§ **RECORDED DATA**
┌──
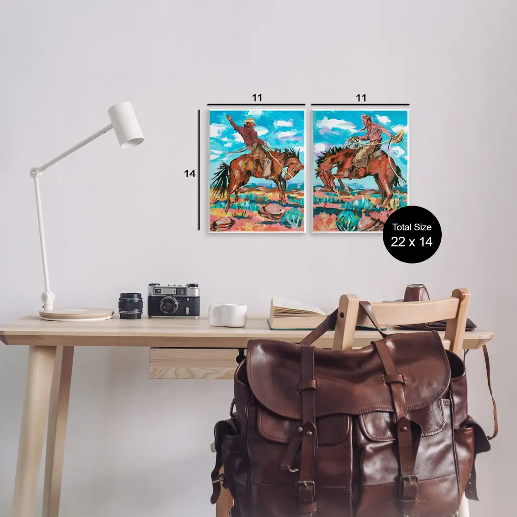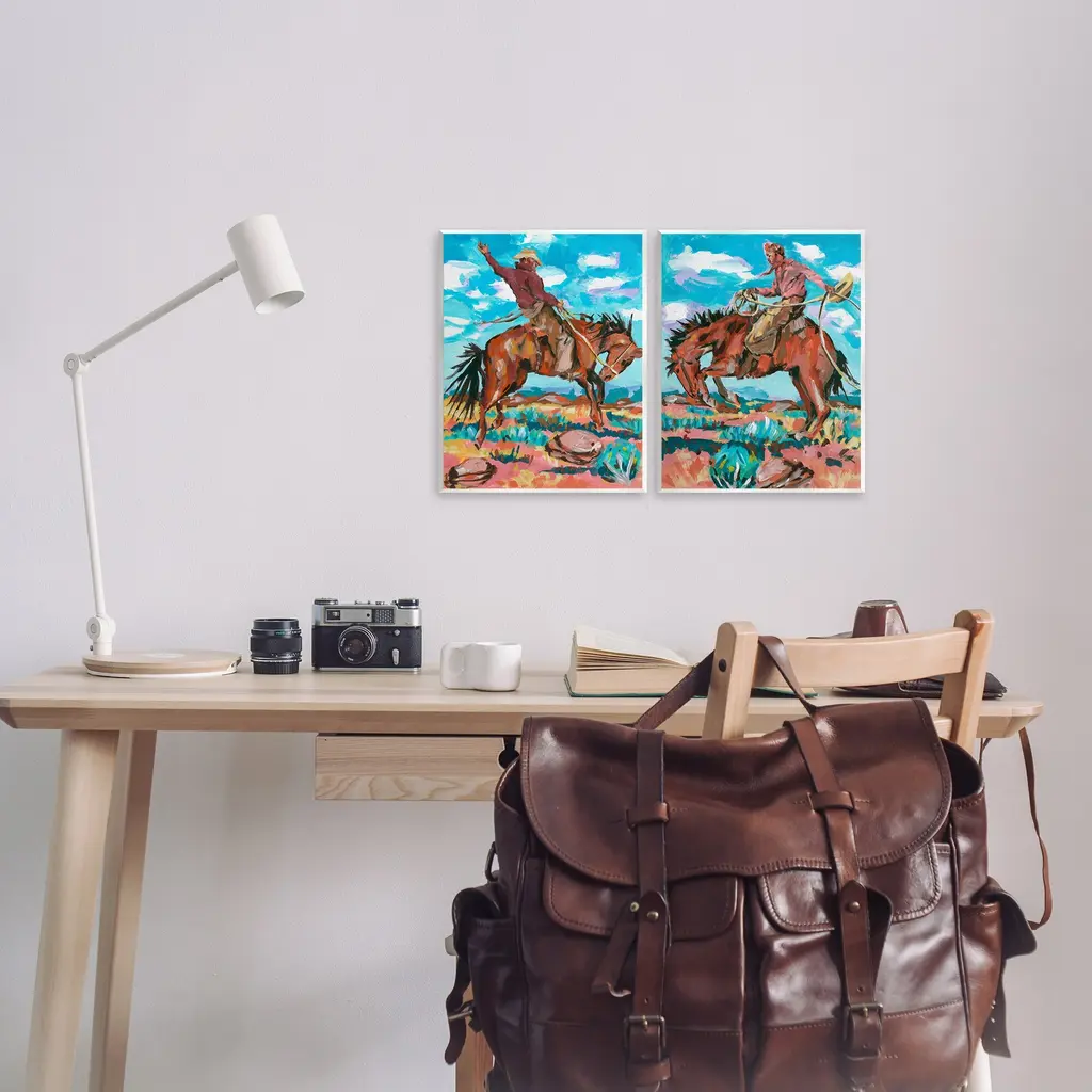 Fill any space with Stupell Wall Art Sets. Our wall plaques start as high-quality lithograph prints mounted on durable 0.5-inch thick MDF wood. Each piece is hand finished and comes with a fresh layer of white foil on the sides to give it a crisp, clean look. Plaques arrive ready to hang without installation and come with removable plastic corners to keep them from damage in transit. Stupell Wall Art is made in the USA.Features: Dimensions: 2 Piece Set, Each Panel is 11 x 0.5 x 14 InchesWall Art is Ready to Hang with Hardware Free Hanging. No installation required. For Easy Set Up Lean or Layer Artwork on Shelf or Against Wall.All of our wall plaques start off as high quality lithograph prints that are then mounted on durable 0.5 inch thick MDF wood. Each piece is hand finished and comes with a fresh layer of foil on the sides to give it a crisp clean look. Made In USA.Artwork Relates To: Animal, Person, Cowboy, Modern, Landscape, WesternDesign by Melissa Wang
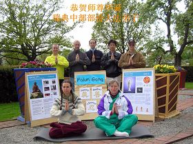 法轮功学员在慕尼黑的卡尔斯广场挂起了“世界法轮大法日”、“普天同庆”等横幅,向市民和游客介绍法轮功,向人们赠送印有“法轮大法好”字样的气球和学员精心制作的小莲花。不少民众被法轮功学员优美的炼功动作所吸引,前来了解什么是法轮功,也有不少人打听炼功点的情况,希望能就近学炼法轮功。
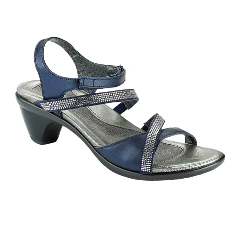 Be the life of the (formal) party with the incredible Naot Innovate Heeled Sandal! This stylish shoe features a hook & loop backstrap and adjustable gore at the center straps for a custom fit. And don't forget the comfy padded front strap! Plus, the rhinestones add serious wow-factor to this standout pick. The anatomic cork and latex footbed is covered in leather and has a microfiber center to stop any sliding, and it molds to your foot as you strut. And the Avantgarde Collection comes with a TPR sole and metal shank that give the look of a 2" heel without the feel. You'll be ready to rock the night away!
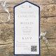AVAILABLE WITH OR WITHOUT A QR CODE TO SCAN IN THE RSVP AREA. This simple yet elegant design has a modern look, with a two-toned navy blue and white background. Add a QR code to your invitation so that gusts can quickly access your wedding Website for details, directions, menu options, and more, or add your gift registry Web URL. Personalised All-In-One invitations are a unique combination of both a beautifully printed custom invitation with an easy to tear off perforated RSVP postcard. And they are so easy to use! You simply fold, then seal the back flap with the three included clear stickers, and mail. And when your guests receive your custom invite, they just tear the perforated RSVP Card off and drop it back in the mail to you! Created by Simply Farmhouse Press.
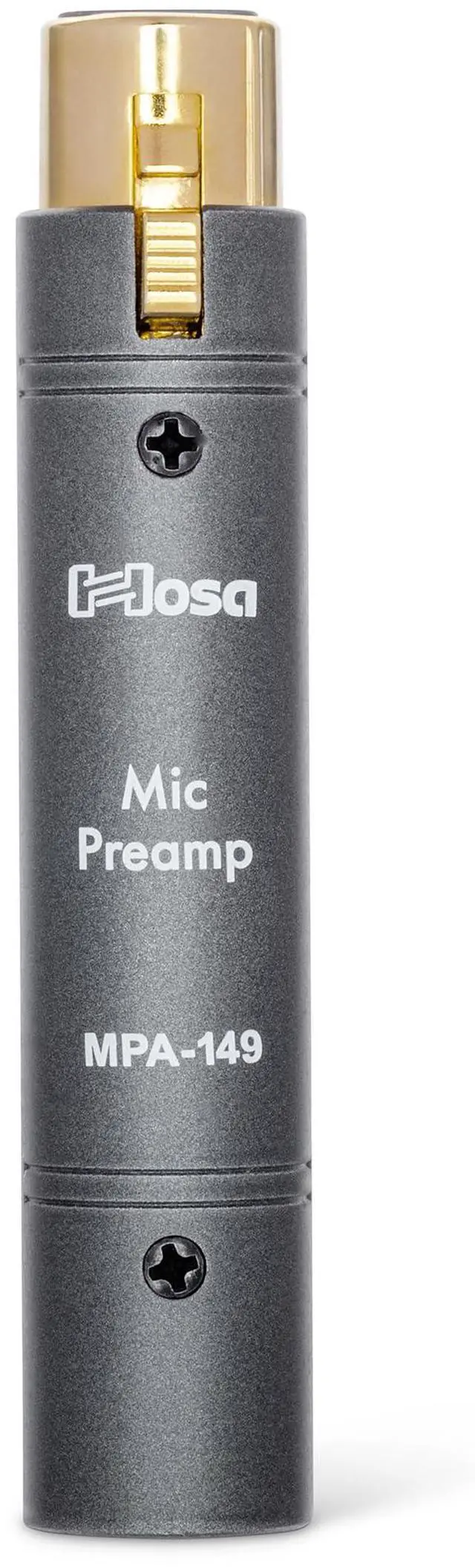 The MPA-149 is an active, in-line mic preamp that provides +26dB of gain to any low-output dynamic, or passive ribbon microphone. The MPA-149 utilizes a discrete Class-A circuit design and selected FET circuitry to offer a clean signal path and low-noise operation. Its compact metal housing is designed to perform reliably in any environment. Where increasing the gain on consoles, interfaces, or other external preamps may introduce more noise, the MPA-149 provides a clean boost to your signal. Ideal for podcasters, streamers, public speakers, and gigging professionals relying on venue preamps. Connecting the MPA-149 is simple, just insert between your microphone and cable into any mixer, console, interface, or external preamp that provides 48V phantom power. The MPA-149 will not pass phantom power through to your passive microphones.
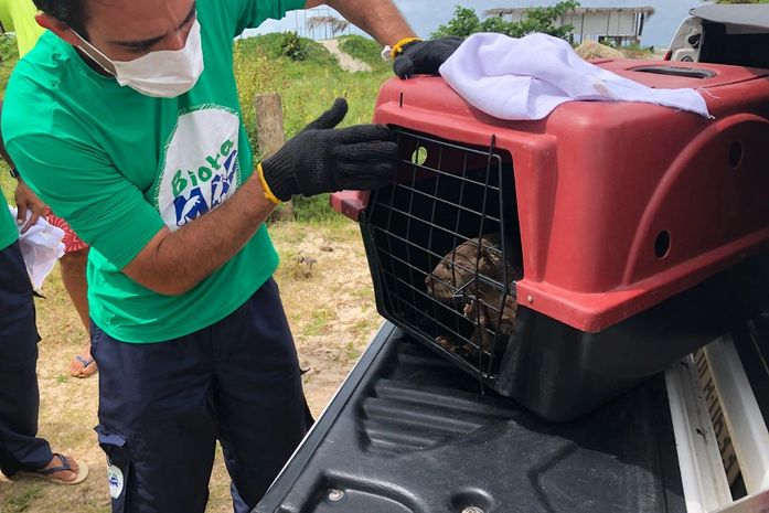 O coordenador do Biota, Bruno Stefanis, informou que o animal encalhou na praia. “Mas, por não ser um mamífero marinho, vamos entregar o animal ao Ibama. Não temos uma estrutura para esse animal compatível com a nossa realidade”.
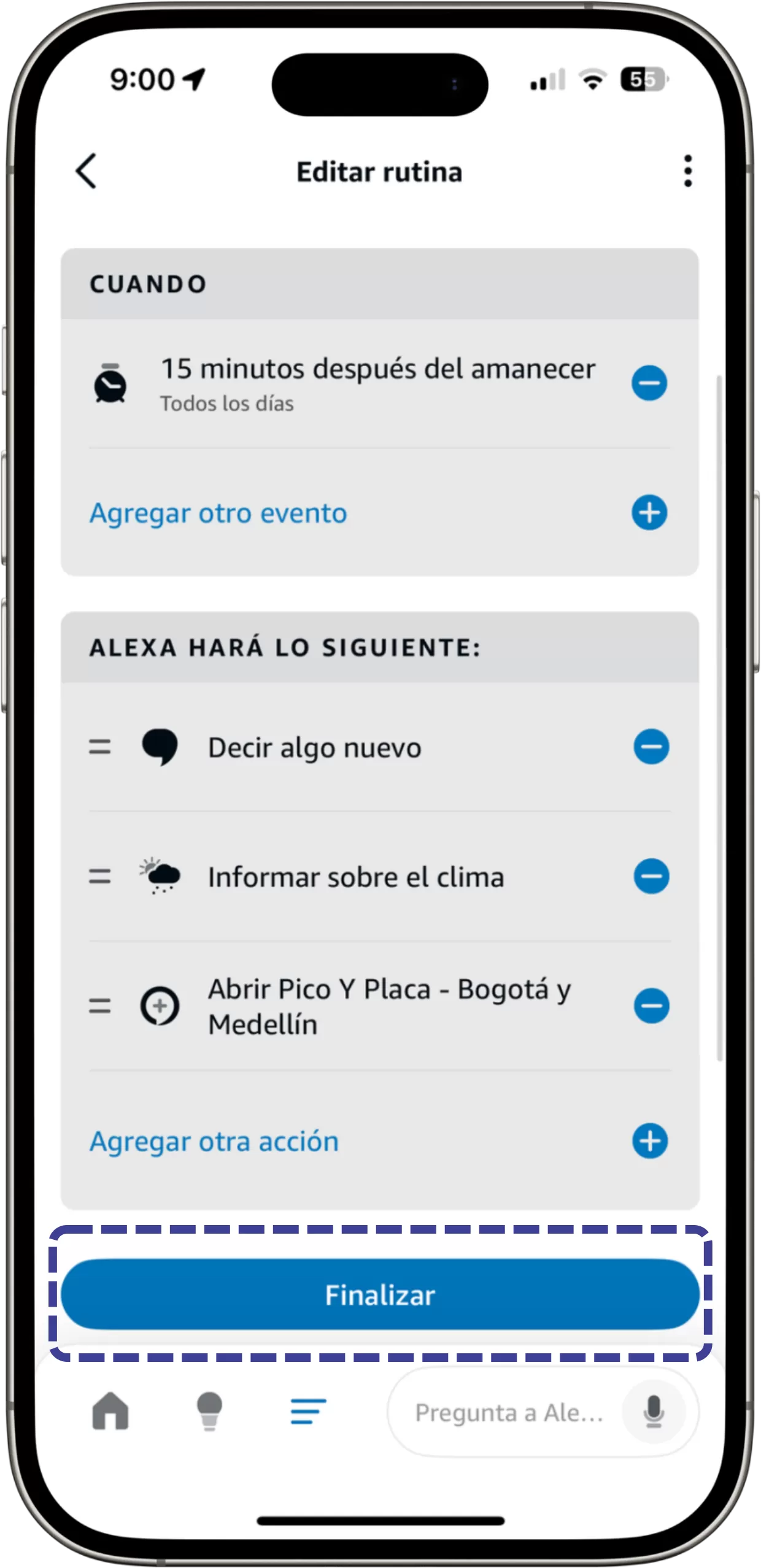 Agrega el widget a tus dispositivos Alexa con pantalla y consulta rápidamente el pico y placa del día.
└──
┌──
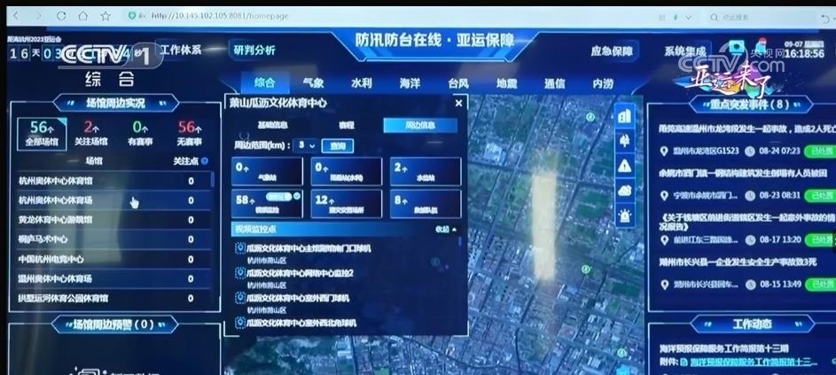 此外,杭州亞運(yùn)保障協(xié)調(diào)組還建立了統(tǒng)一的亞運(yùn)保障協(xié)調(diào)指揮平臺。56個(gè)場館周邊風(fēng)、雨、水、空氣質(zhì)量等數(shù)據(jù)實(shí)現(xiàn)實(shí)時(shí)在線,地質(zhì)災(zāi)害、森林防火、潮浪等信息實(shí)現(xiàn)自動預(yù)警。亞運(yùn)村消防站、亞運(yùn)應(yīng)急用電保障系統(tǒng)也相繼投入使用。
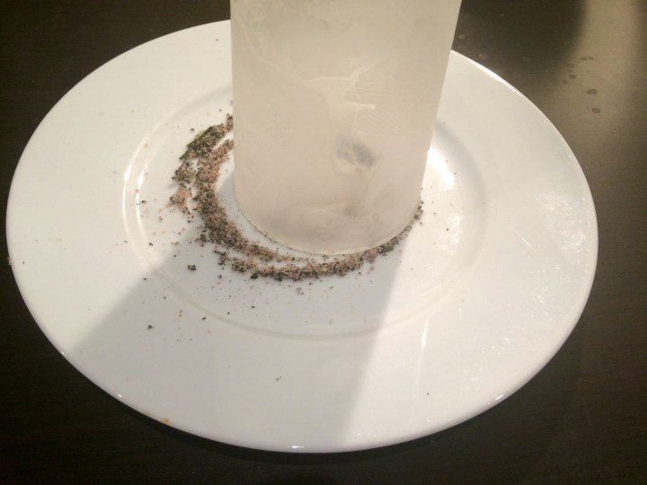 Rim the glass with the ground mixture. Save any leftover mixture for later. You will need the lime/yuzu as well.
└──
§ **WORK TO COMPLETE**
Give again the stretch of lines above from the one with "O coordenador do" through the one with "Agrega el widget", both ends kept, and copy no pictures.

§ **SOLUTION TO THE PROBLEM**
 O coordenador do Biota, Bruno Stefanis, informou que o animal encalhou na praia. “Mas, por não ser um mamífero marinho, vamos entregar o animal ao Ibama. Não temos uma estrutura para esse animal compatível com a nossa realidade”.
 Agrega el widget a tus dispositivos Alexa con pantalla y consulta rápidamente el pico y placa del día.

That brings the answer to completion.